Judges 7:12 Parallel Verses [⇓ See commentary ⇓]

Judges 7:12, NIV: The Midianites, the Amalekites and all the other eastern peoples had settled in the valley, thick as locusts. Their camels could no more be counted than the sand on the seashore.

Judges 7:12, ESV: And the Midianites and the Amalekites and all the people of the East lay along the valley like locusts in abundance, and their camels were without number, as the sand that is on the seashore in abundance.

Judges 7:12, KJV: And the Midianites and the Amalekites and all the children of the east lay along in the valley like grasshoppers for multitude; and their camels were without number, as the sand by the sea side for multitude.

Judges 7:12, NASB: Now the Midianites, the Amalekites, and all the people of the east were lying in the valley as numerous as locusts; and their camels were without number, as numerous as the sand on the seashore.

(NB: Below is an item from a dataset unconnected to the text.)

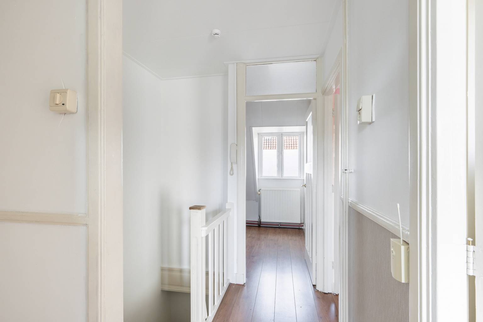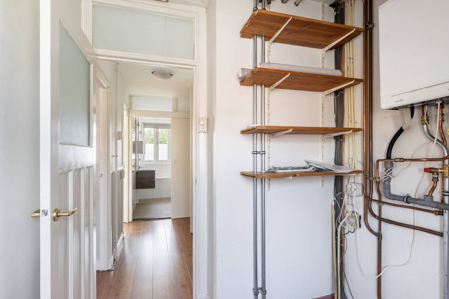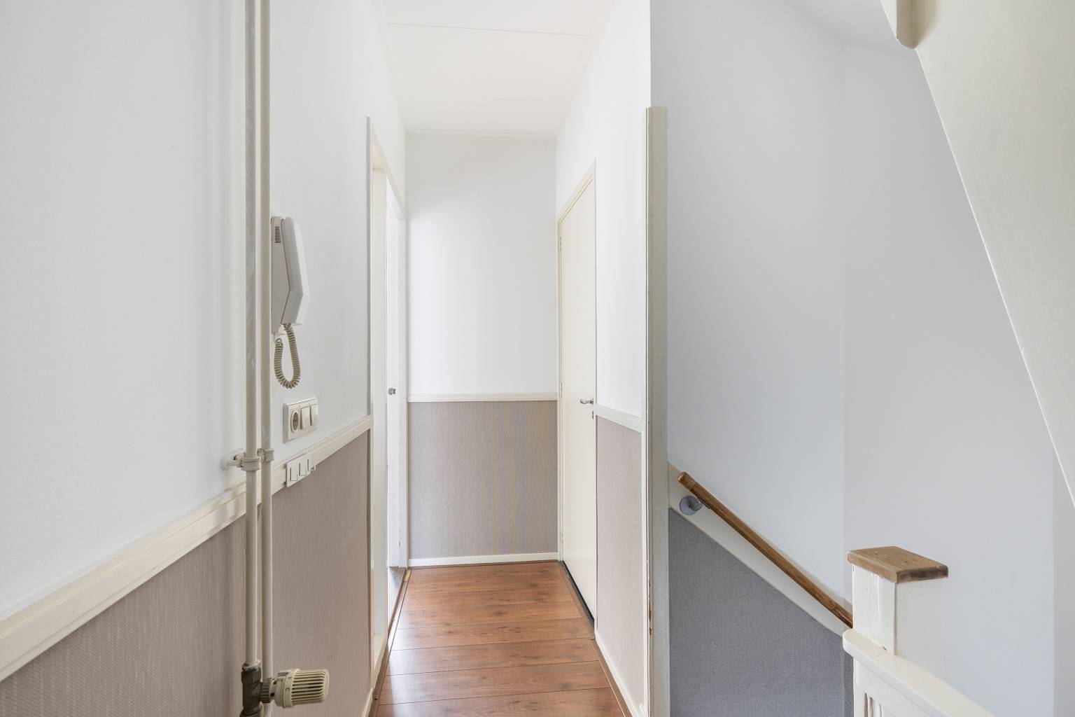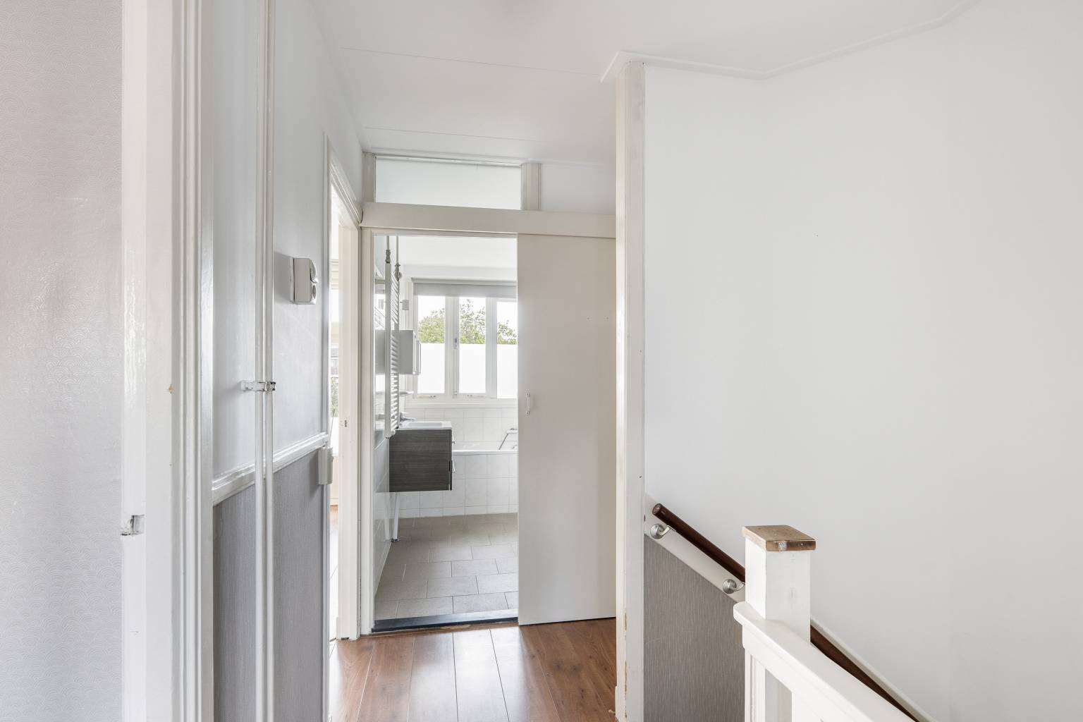 De overloop is eveneens voorzien van laminaat dat is doorgetrokken over de gehele verdieping en ook hier is behang lambrisering aanwezig. Om de hoek naast het trapgat bevindt zich de aansluiting voor de wasmachine en vanaf de overloop is er toegang tot nog twee slaapkamers, de badkamer en een werk-/hobbykamer met daarin de opstelling van de Cv-ketel en het luik naar de vliering.

Judges 7:12, NLT: The armies of Midian, Amalek, and the people of the east had settled in the valley like a swarm of locusts. Their camels were like grains of sand on the seashore--too many to count!

Judges 7:12, CSB: Now the Midianites, Amalekites, and all the people of the east had settled down in the valley like a swarm of locusts, and their camels were as innumerable as the sand on the seashore.

What does Judges 7:12 mean? [⇑ See verse text ⇑]

At the Lord's command, Gideon and his servant Purah are on a late-night spying mission to the outskirts of the Midianite camp (Judges 7:9–11). Looking out over the scene, the size of the enemy must have been overwhelming to Gideon. As far as they could have possibly seen in the darkness, the Midianites and the Amalekites and their other allies from east of the Jordan were spread out along the valley like locusts (Judges 6:5). At this time of night, they would have seen countless torches and fires.

The comparison to locusts was made in the previous chapter, and it is appropriate. The horde from the east descended on Israel and consumed everything in sight. They left a wasted landscape everywhere they went (Judges 6:1–4). Also crowded into the valley were countless camels, used by the Midianites and the others to ride and to carry their gear to Israel and to carry Israel's food away from it. The writer uses the phrase "as sand on the seashore" to emphasize the massive number of animals and tents and bodies packed into the Valley of Jezreel.

If this late-night trip to the enemy camp was supposed to strengthen Gideon's faith, seeing a swarming horde of enemies wouldn't help. As promised, however, Gideon then hears something that proves God's purposes in sending him on this mission (Judges 7:13–14).